▸ **WHAT YOU ARE ASKED TO DO**:
Your response should consist of the entries below, reproduced exactly and without their images.

(Records from a collection)
-=-=-=-=-

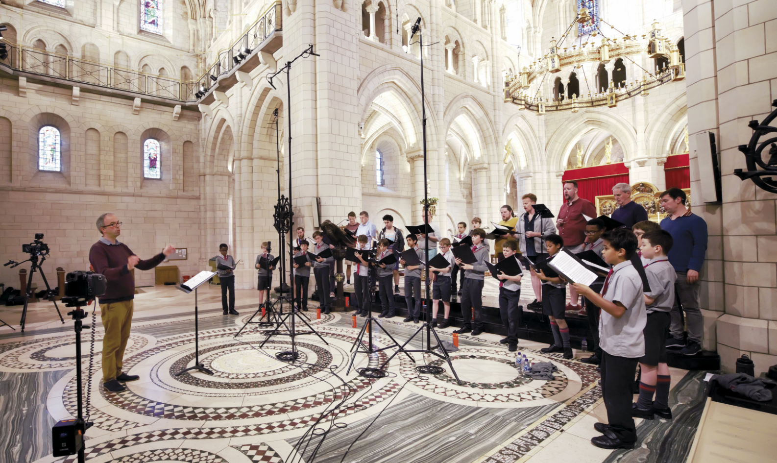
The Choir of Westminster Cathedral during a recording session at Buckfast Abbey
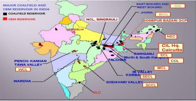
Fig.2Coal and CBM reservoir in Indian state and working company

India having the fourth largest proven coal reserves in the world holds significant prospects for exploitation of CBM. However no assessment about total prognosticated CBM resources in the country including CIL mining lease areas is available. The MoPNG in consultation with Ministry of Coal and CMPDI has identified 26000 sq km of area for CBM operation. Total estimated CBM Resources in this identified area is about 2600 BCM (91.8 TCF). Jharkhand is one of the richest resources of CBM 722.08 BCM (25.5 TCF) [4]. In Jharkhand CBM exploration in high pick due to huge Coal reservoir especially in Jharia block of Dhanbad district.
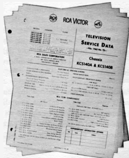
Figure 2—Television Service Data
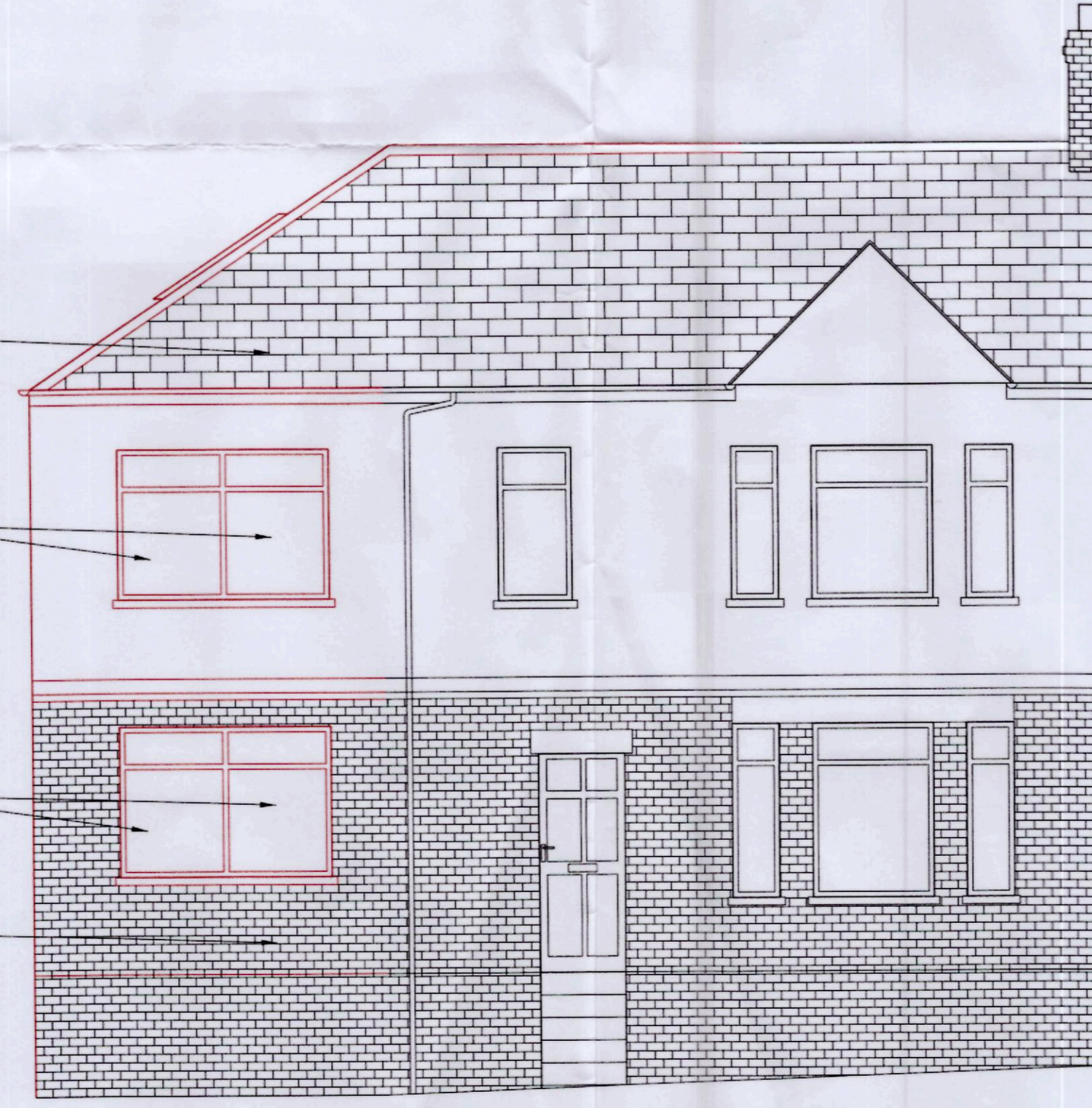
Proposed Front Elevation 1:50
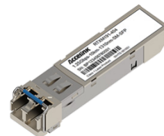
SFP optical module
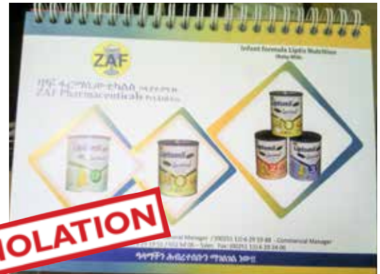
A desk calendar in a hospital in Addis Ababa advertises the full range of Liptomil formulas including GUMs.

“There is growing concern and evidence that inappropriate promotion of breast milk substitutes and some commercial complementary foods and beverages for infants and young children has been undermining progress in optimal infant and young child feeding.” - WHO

-=-=-=-=-

▸ **SOLUTION**:
The Choir of Westminster Cathedral during a recording session at Buckfast Abbey
Fig.2Coal and CBM reservoir in Indian state and working company

India having the fourth largest proven coal reserves in the world holds significant prospects for exploitation of CBM. However no assessment about total prognosticated CBM resources in the country including CIL mining lease areas is available. The MoPNG in consultation with Ministry of Coal and CMPDI has identified 26000 sq km of area for CBM operation. Total estimated CBM Resources in this identified area is about 2600 BCM (91.8 TCF). Jharkhand is one of the richest resources of CBM 722.08 BCM (25.5 TCF) [4]. In Jharkhand CBM exploration in high pick due to huge Coal reservoir especially in Jharia block of Dhanbad district.
Figure 2—Television Service Data
Proposed Front Elevation 1:50
SFP optical module
A desk calendar in a hospital in Addis Ababa advertises the full range of Liptomil formulas including GUMs.

“There is growing concern and evidence that inappropriate promotion of breast milk substitutes and some commercial complementary foods and beverages for infants and young children has been undermining progress in optimal infant and young child feeding.” - WHO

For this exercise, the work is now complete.